62Da ausreichend nicht steuerverstrickte Aktien vorlagen, aus denen die Überzeichnungsreserve und die veräußerten Papiere stammen konnten, ist nicht auszuschließen, dass es sich bei den verkauften Aktien nicht um den unentgeltlich erworbenen Anteil des Klägers handelt, sondern um die steuerlich unbeachtlichen „Altanteile“ der Klägerin aus 1992 und 1996. Das Gericht konnte daher nicht mit an Sicherheit grenzender Wahrscheinlichkeit feststellen, dass der Veräußerungsvorgang den Tatbestand des § 17 Abs. 1 S. 1, 4 und 5 EStG erfüllt.
63Einen Erfahrungssatz des Inhaltes, dass steuerverstrickte und nicht verstrickte Aktienbestände zu den gleichen ideellen Anteilen verkauft werden, wie sie auch in dem Gesamtbestand der vorhandenen Aktien vorhanden sind, gibt es nicht. Es verbietet sich insbesondere auch eine Fiktion des Steuertatbestandes, wie sie der Beklagte aus dem zu § 23 EStG ergangenen BFH-Urteil X R 49/90 vom 24.11.1993, BStBl II 1994, 591, ableiten will, wenn er ausführt, jedes in dem Depot der Klägerin vorhandene Wertpapier „gelte als anteilig verkauft“. Eine solche Regelung kann der erkennende Senat diesem Urteil nicht entnehmen. Vielmehr fordert der BFH im Hinblick auf die Tatbestandmäßigkeit der Besteuerung das „Feststehen“ der Tatbestandserfüllung, in dem dortigen Urteil das Einhalten der sechsmonatigen Spekulationsfrist.
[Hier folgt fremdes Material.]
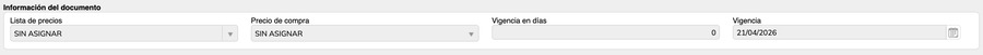 - Vigencia: Fecha hasta la cual la lista de precios seleccionada estará vigente. Se calcula automáticamente al capturar los días de vigencia. No corresponde a la vigencia del documento.
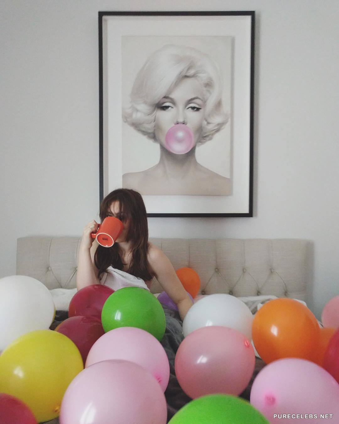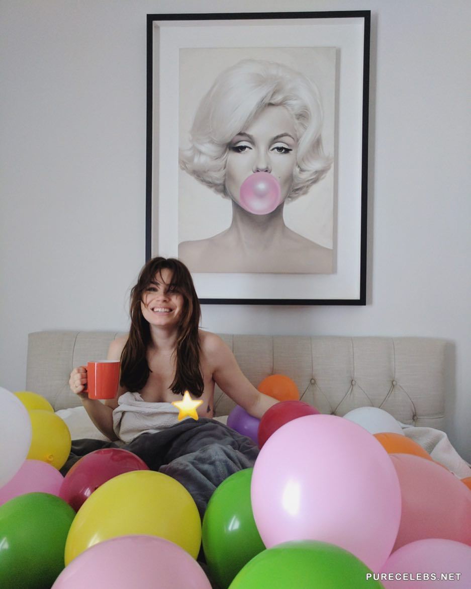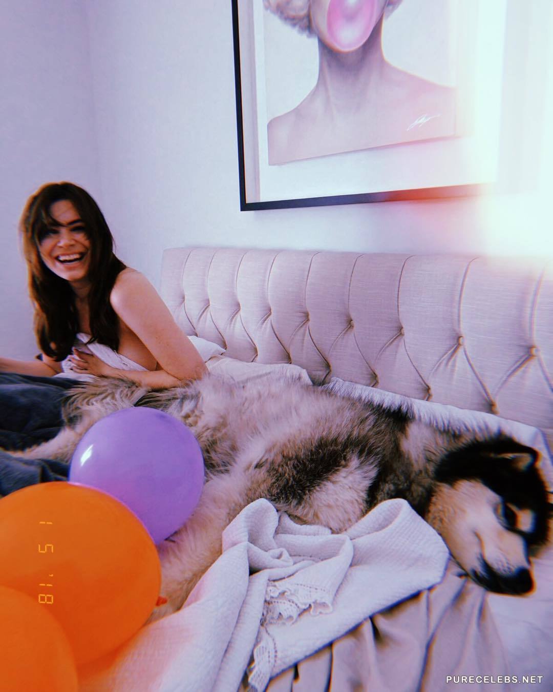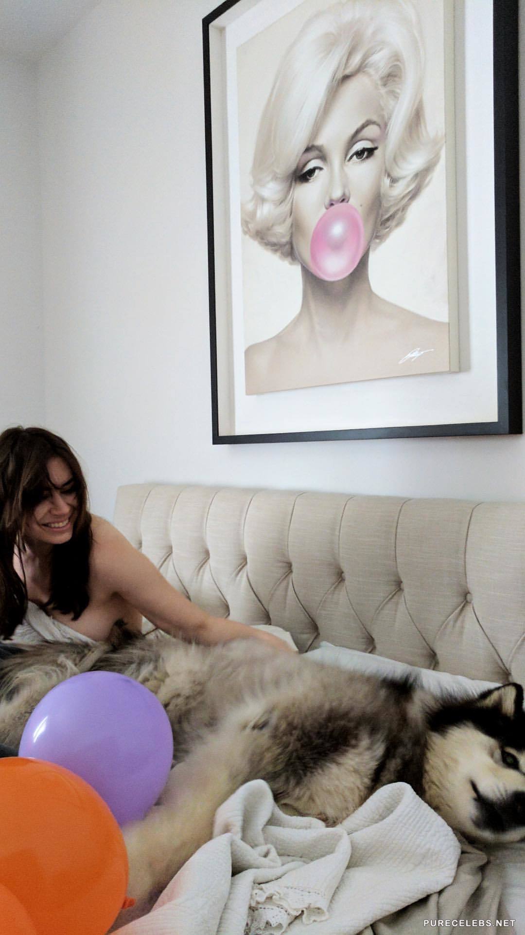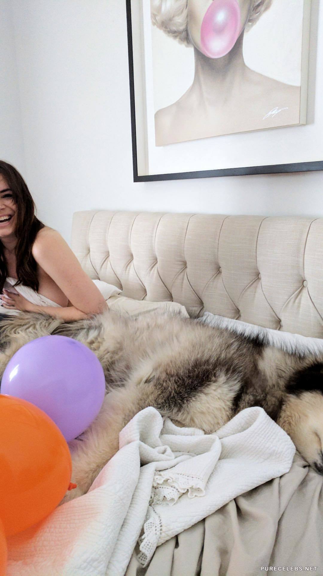 Sophie Simmons is a well-known actress famous for her work in Genne Simmons Family Jewels, several short movies and she is social huge social media star. She has been endowed with natural beauty and killer body. Here we have some pictures from her photo collection, where we see her lying in bed naked, half covered, while exposing her massive boobs, and her smiling because she got pounded real good night before that.
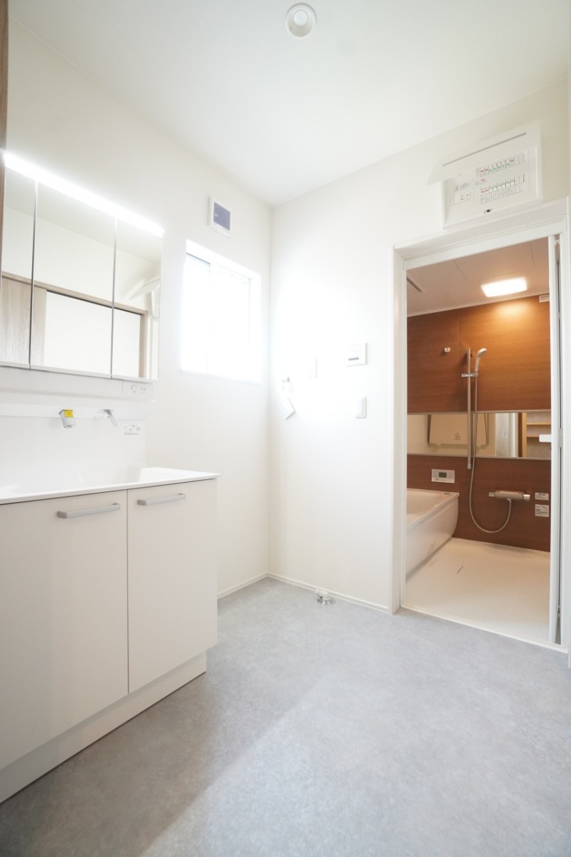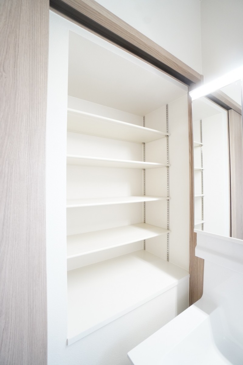 鏡裏に収納スペースがある洗面台を採用。小物を隠せるため、見た目がスッキリします♪ 湿気が気になる洗面所には、耐水性に優れたクッションフロアを採用。
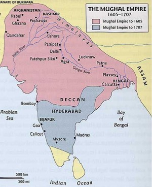 Zahir al-Din Muhammad, known as Babur, was a Chagatai Turk that claimed to be a descendent of Genghis Khan. He conquered India, and took the city of Delhi, but cared little for his new found land. Many in his group wanted to claim the spoils of war and leave, but Babur decided to stay and establish the Mughal Empire. His grandson, Akbar, took absolute control of the government and transformed the empire into a state with tight, centralized control. He did not tolerate challenges to his power, and was strong but also inteligent. He put in place a policy of religious tolerance and was interested in philosophy. Later, under the reign of Aurangzeb, the Mughal Empire reached its height. Aurangzeb waged several campaigns to push his authority deeper into southern India, and greatly expanded his empire. During his reign, there were many rebellions because he did away with the policy of religious tolerance and tried to force his subjects to convert to Islam.
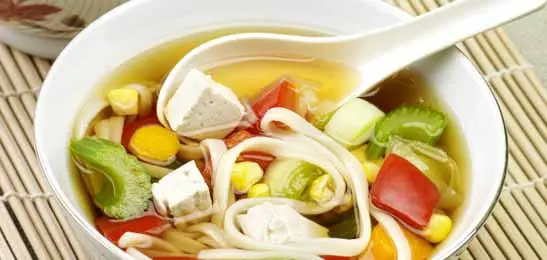 Doe de tofu, mais en de noedels in de soep en laat dat gaar worden.

64Auch die von dem Beklagten herangezogene Durchschnittswertmethode hilft nicht über die mangelnde Identifizierbarkeit der verkauften Wertpapiere hinweg. Sie macht eine positive Feststellung der Tatbestandserfüllung dem Grunde nach nicht entbehrlich und führt nicht zu der Annahme, dass alle Aktien in einem nur der Gattung nach bestimmbaren Wertpapierbestand als anteilig verkauft gelten. Bei dem Durchschnittswertverfahren handelt es sich ebenso wie bei Lifo- und Fifo-Methode lediglich um Bewertungsverfahren, die erst dann, quasi auf einer zweiten Stufe der Einkunftsermittlung, zur Anwendung kommen, wenn auf einer ersten Stufe der Tatbestandsmäßigkeit festgestellt ist, dass ein bestimmter Vorgang die Merkmale des gesetzlichen Steuertatbestandes - hier: den unentgeltlichen Erwerb der verkauften Papiere innerhalb der letzten fünf Jahre vor Veräußerung - erfüllt.
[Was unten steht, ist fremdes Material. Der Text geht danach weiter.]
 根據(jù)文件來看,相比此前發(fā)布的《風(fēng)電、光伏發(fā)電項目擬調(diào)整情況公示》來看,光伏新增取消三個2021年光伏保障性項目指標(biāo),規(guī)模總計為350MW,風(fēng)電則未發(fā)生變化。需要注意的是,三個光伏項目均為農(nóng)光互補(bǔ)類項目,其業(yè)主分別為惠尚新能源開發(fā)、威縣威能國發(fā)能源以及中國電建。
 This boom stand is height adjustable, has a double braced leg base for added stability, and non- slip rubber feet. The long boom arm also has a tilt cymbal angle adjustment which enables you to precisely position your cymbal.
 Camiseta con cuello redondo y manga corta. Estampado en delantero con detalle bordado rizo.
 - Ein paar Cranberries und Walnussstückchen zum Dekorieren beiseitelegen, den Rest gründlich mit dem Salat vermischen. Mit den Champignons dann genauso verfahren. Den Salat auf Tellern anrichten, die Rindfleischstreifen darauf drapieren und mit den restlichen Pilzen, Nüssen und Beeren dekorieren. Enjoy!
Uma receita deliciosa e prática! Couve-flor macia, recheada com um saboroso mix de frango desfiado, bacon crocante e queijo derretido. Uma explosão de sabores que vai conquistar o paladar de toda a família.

65Schließlich scheidet auch eine Beweisführung anhand von Wahrscheinlichkeitserwägungen mangels gesetzlicher Grundlage aus, zumal vorliegend kein Fall der Mitwirkungspflichtverletzung des beweisnäheren Beteiligten - der Klägerin - vorliegt, die zu einer Reduzierung des Beweismaßes führen würde, sondern schlicht ein Fall der Unmöglichkeit der Beweisführung. Die Finanzbehörde trägt die objektive Beweislast, wenn - wie hier - ohne Verletzung von Mitwirkungspflichten durch den Steuerpflichtigen ein steuererhöhender Sachverhalt, der die Voraussetzungen des § 17 EStG erfüllt, nicht feststellbar ist.
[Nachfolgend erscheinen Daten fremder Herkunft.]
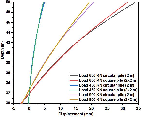 Fig.(1a)showstheevolutionofthelateraldeformationsatthe pilehead,includingthegeometricshapesunderstaticlateral loading(preandpost)cyclicinthesand.Itcanbeseenthat themaximumdisplacementsareinthevicinityofpilehead andthendecreasewithdepth,thisisvalidforbothgeometric shapes.Thecircularpilehasadisplacementof33.96mmfor aloadof650KN,whichisgreaterthanthesquarepile31.50 mm,thatisadifferenceindeformationofabout7.23%.The final static lateral load of 450 KN, gives a difference in displacementbetweenthetwotypesofcircularandsquare pilesoftheorderof4.88mmand44.55mmrespectively,a difference of 6.76%. The same phenomenon is observed whenthestaticloadisincreasedto900KN.Inthiscase,the deformationbetweenthecircularandsquarepileshapesisof the order of 20.61 mm and 19.24 mm respectively, a differenceof6.64%.Itcanbeconcludedthatthesquarepile hasgoodresistancetocycliclateralload(beforeandafter) due to the interlocking action with the surrounding soil, unlikethecircularpile.
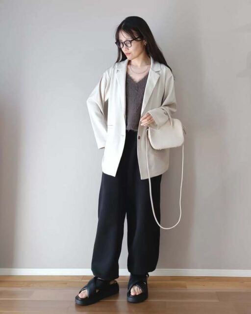 スウェットパンツ×ゆったりジャケットの春コーデ
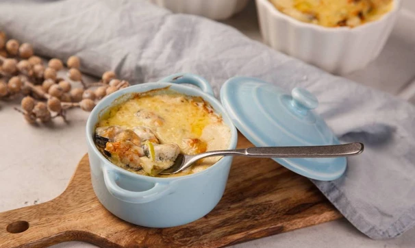Жюльен из мидий — эффектное, ароматное и необычное блюдо, которое станет украшением праздничного стола. В отличие от классических вариантов с курицей или грибами, этот жюльен обладает ярким морским вкусом, тонким ароматом сливок и приятной легкостью. Нежные мидии отлично сочетаются с сыром, луком и сливочным соусом, создавая богатую и в то же время изысканную текстуру. Жюльен можно готовить в кокотницах, тарталетках или небольших порционных формочках — в любом виде он выглядит презентабельно и подается удобно для гостей. Ингредиенты Мидии очищенные — 300 г Лук репчатый — 1 шт. Сливки 20–25% — 200 мл Мука — 1 ст. л. Твёрдый сыр — 120–150 г Масло сливочное — 30 г Масло растительное — 1 ст. л. Соль, перец — по вкусу Лимонный сок — 1 ч. л. Паприка или мускатный орех — по желанию Пошаговый рецепт
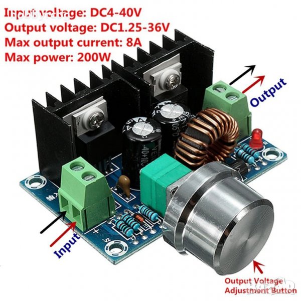 Постоянно токов регулатор на напрежение с обхват от 1.25 V до 36 V и макс. ток 8А (препоръчва се при постоянна работа с консуматор, по-голям от 5А да се използва допълнително охлаждане). Контролирайте скоростта на
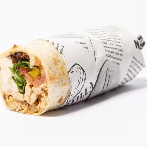 Tortilla de trigo, molho 4 queijos, frango, tomate, rúcula, bacon e molho de pimenta. Nível 1 de 5 de picância, é possível reduzir. *imagem meramente ilustrativa* - não acompanha guacamole e sour cream. O Burrito, que parece um wrap ou shawarma, é a marmita mexicana (carne, massa e salada), excelente opção de comida saudável para pedir no delivery. Costuma agradar o paladar daqueles que gostam da culinária brasileira. Pensou em pedir um sushi ou uma pizza? Que tal hoje conhecer um Burrito?
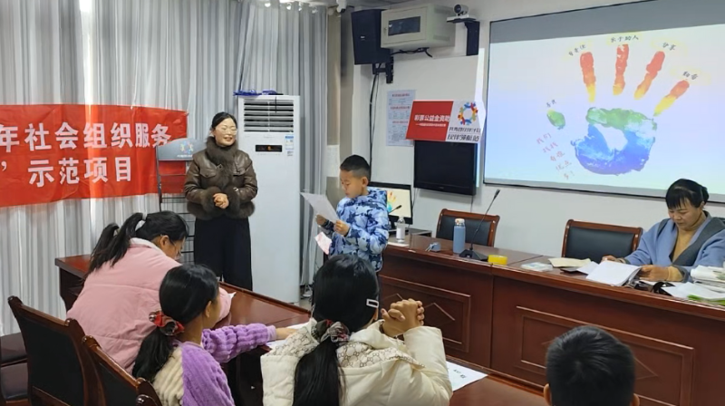 紧接着,活动进入心理健康辅导环节。志愿者首先带领同学们进行轻松愉快的手指互动操,帮助孩子们放松身心。随后开展的《我的自信手掌》活动中,每位孩子在A4纸上拓印出自己的手掌印,并在每个手指区域内写下自己、家人和朋友的优点。这一环节不仅增强了孩子们的自我认知与自信心,也促进了他们对亲情与友情的感悟。
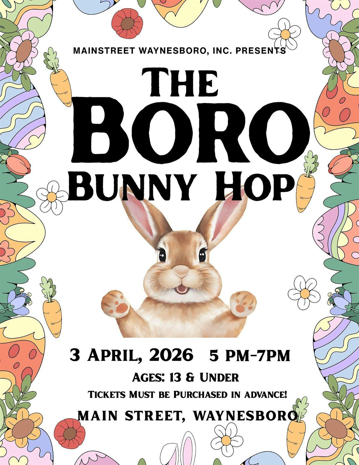 Join us for the inaugural Boro Bunny Hop! Bring the kiddos downtown and into participating businesses to collect easter eggs! Plus, surpise golden eggs hidden through downtown! This event is open to youth 13 & under. Please note: Parents do not need to purchase a ticket. This event is a fundraiser & proceeds benefit Mainstreet Waynesboro, Inc.
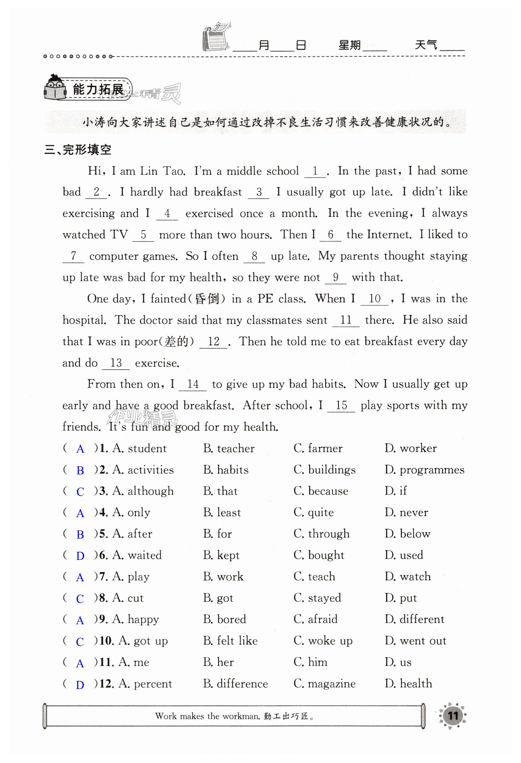 注:目前有些书本章节名称可能整理的还不是很完善,但都是按照顺序排列的,请同学们按照顺序仔细查找。练习册 2025年长江暑假作业七年级英语崇文书局 答案主要是用来给同学们做完题方便对答案用的,请勿直接抄袭。

66Im Übrigen sind keine Gesichtspunkte erkennbar, nach denen eine weitere Aufklärung möglich oder geboten wäre.
67Insbesondere bedurfte es wegen Ungeeignetheit der von der Klägerin benannten Beweismittel, die in der Vernehmung verschiedener Zeugen bestanden, nicht der Erhebung dieser Beweise. Die Zeugen hätten allenfalls Auskunft darüber geben können, welche Absichten die Klägerin in Bezug auf die Einstellung bestimmter Aktien in die Überzeichnungsreserve hatte. Sie hätten jedoch nicht Zeugnis über die tatsächliche Herkunft oder die Eigenschaft der veräußerten Papiere als nicht steuerverstrickt ablegen können, weil es sich dabei nicht um äußere und sinnlich wahrnehmbare Merkmale handelt, sondern nur um Verschiedenheiten ideeller Art.
68Die Berechnung der festgesetzten Einkommensteuer 1998 der Kläger wird gem. § 100 Abs. 2 S. 2 FGO dem Beklagten aufgegeben.
69II.
70Die Kostenentscheidung folgt aus § 135 Abs. 1 FGO.
71III.
72Die Entscheidung über die vorläufige Vollstreckbarkeit beruht auf §§ 151 Abs. 3, 155 FGO i. V. m. §§ 708 Nr. 10, 711 der Zivilprozessordnung.
73IV.
74Die Revision war gem. § 115 Abs. 2 FGO zuzulassen zur Fortbildung des Rechts und wegen grundsätzlicher Bedeutung der Frage, ob die Anwendung der Durchschnittswertmethode bei Veräußerung eines Teils gleichartiger Gesellschaftsanteile bereits auf Tatbestandsebene dazu führen kann, dass jeder Gesellschaftsanteil als anteilig verkauft gilt.